April 24, 2019 | Liquid biopsies are emerging as rapid and cost-effective tools for the management of cancer patients, says Nicola Valeri, Reader in Gastrointestinal Oncology and Consultant Medical Oncologist at the Institute of Cancer Research and The Royal Marsden Hospital, UK.
A medical oncologist by training, Valeri is at a prime position to see the promise and hurdles of liquid biopsies in deciding and monitoring treatment in patients with cancers, including advanced metastatic colorectal cancer. He believes accelerating precision cancer medicine will rely on the potential of liquid and tissue biopsies, primarily based on the combination of different biomarkers improving overall patient selection.
On behalf of Diagnostics World News, Emily Le spoke with Valeri about the outcomes of liquid biopsy compared to tissue biopsy, how to know which combination of biomarkers to use for liquid biopsy, and more.
Editor's note: Emily Le, a conference producer at Cambridge Healthtech Institute, is planning a track dedicated to Clinical Applications of Circulating Biomarkers at the upcoming Molecular Diagnostics Europe Conference in Lisbon, Portugal, May 6-9. Valeri will be speaking on the program. Their conversation has been edited for length and clarity.
Diagnostics World News: How is liquid biopsy compared to tissue biopsy? Are there any studies that correlate the outcomes using these two types of diagnostics in parallel?
Nicola Valeri: A number of studies comparing tissue and liquid biopsies have been reported. Even though some technical issues related to the use of blood-based (liquid) biopsies have emerged, the feeling is that liquid biopsies may be more rapid and cost/effective than tissue biopsies. Furthermore, liquid biopsies may overcome issues related to tumor heterogeneity in tissues better capturing the complexity of cancer.

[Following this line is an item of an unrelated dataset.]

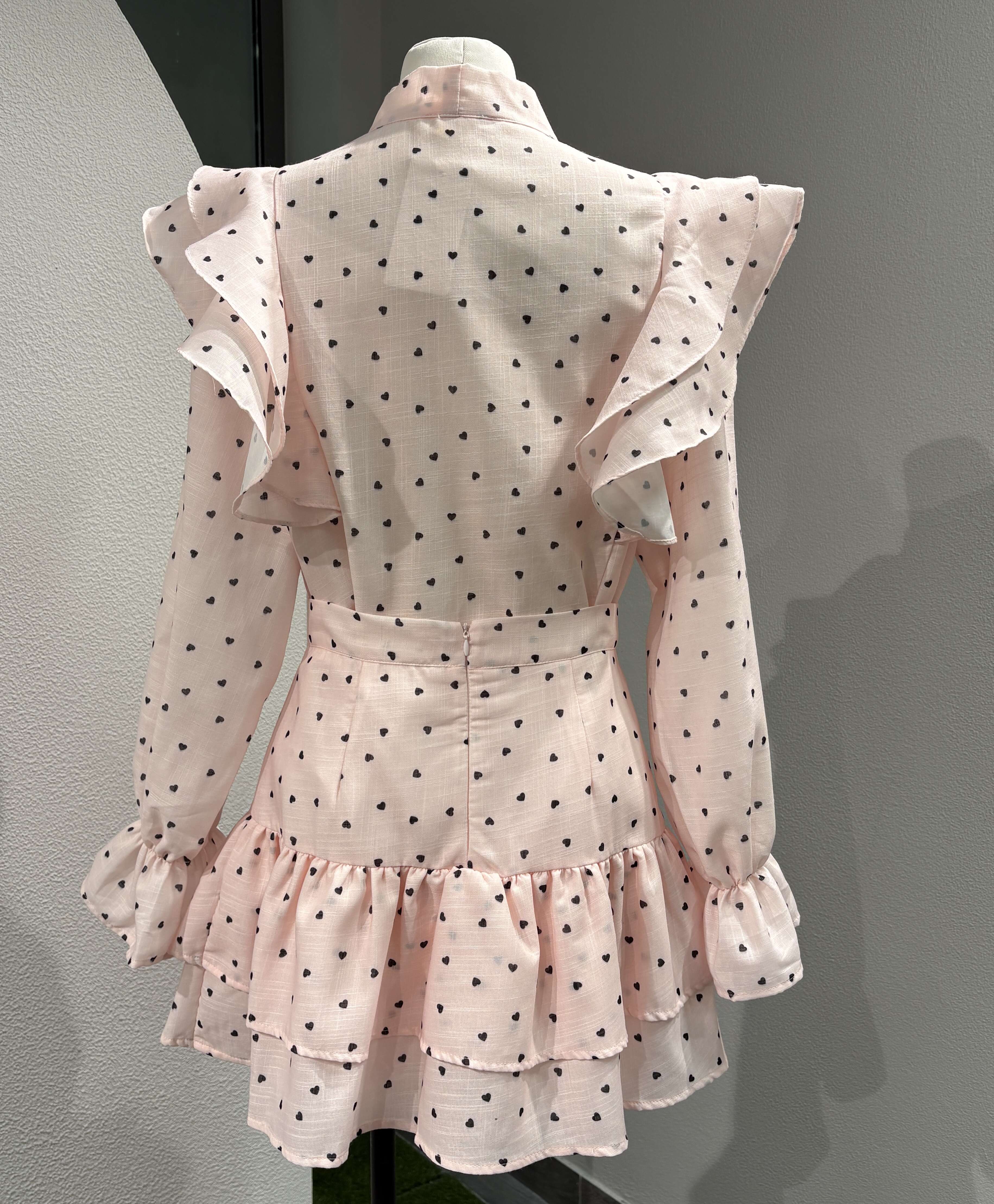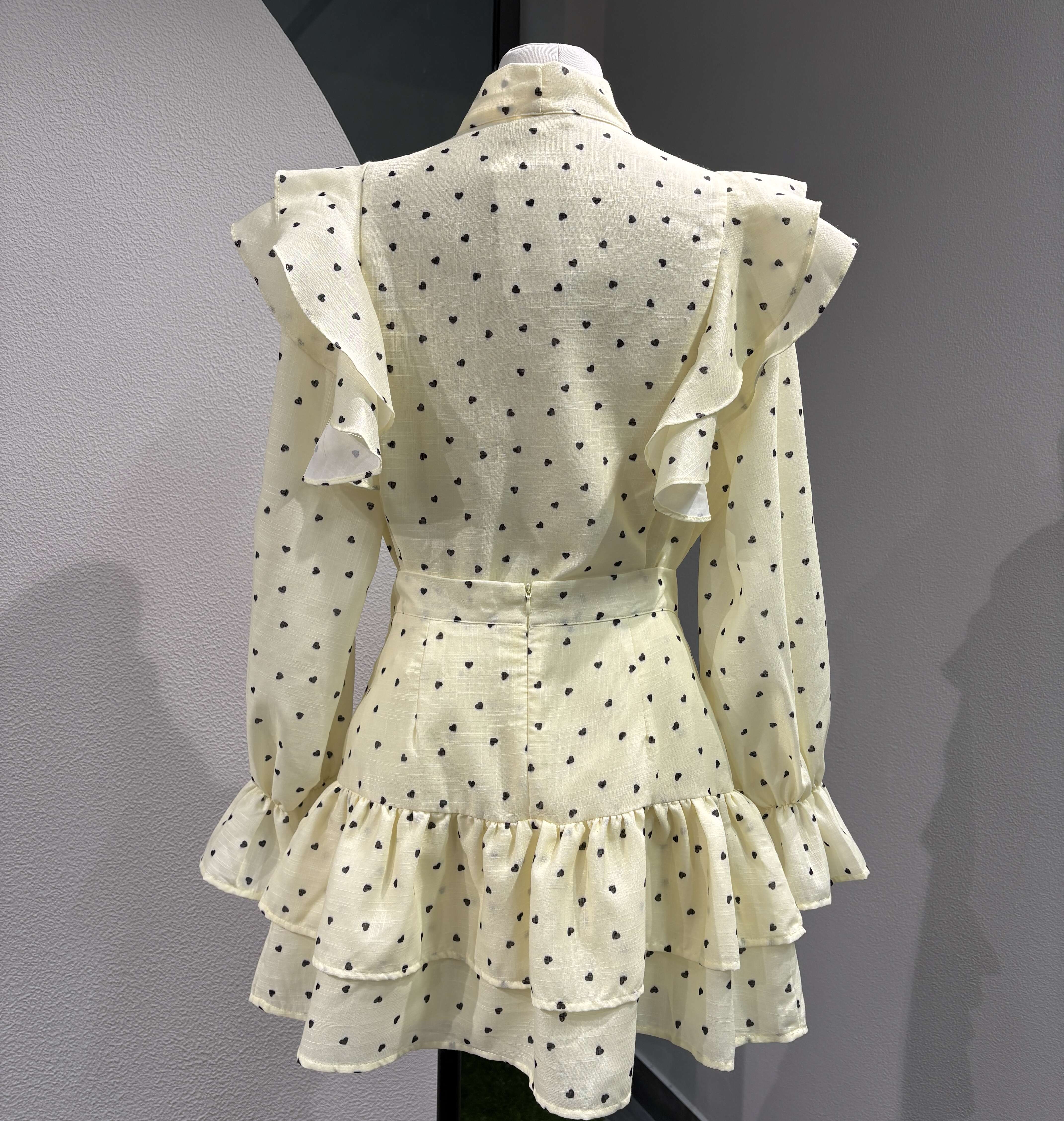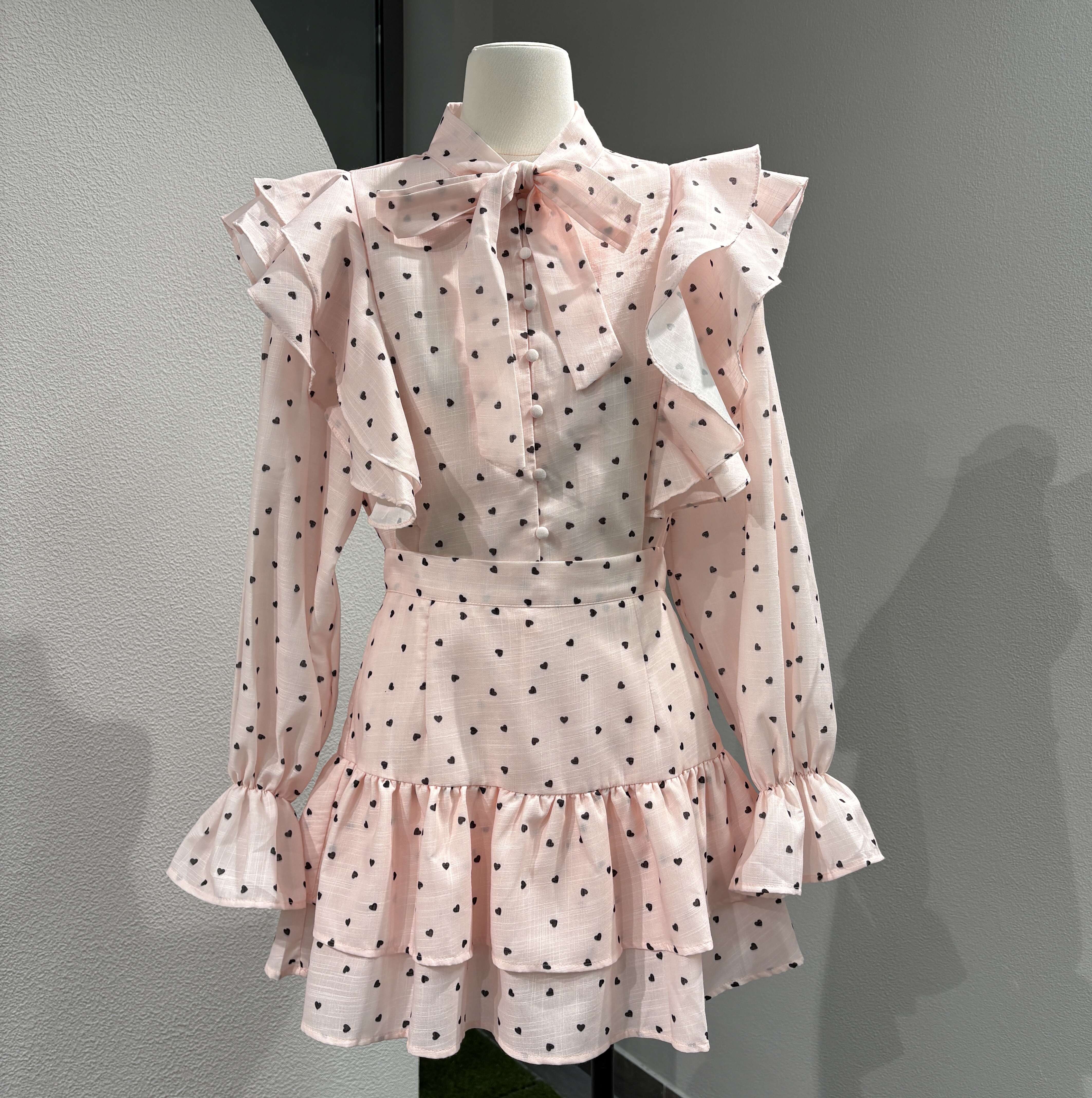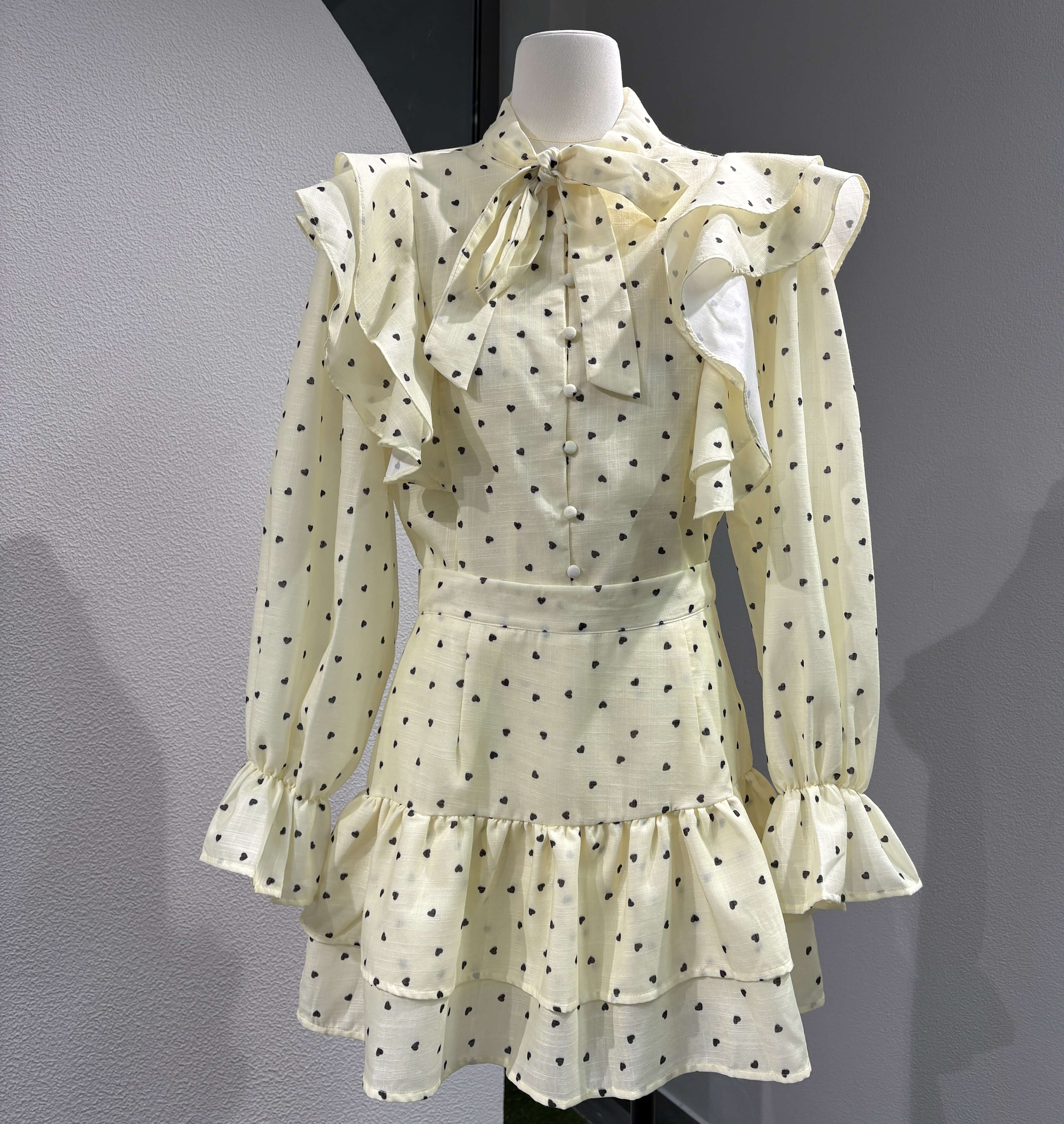 Stylowy komplet z falbanami, kokardą pod szyją i delikatnym printem. Subtelny krój podkreślający sylwetkę zapewnia wygodę i szyk na co dzień i specjalne okazje.

There are many types of biomarkers that are currently used for liquid biopsy such as cfDNA, CTCs, exosomes, platelets, extracellular vesicle, and many more. How do we know when to use what and which combination of biomarkers to use?
cfDNA appears as one of the most promising applications in the clinical setting; however other technologies might prove beneficial in understanding the metastatic dissemination (i.e. CTC and CTC clusters in breast cancer). Similarly, exosomes, vesicles and circulating microRNAs might help to understand crosstalk between cancer and stroma. I believe that all these technologies will be complementary at clinical and pre-clinical level in advancing the understanding of cancer biology and patient’s management.
The field of liquid biopsy is very crowded right now. How do we sniff out hope from hype?
From a clinical standpoint, prospective validation of different platforms in the context of clinical trials will help to understand the true potential of liquid biopsies in managing metastatic cancer patients or patients with minimal residual disease after an operation. Proving that adapting, escalating, or de-escalating treatment can improve patients’ outcomes and/or reduce toxicity from unnecessary treatments will help to prove the true potential of liquid biopsies in the clinic.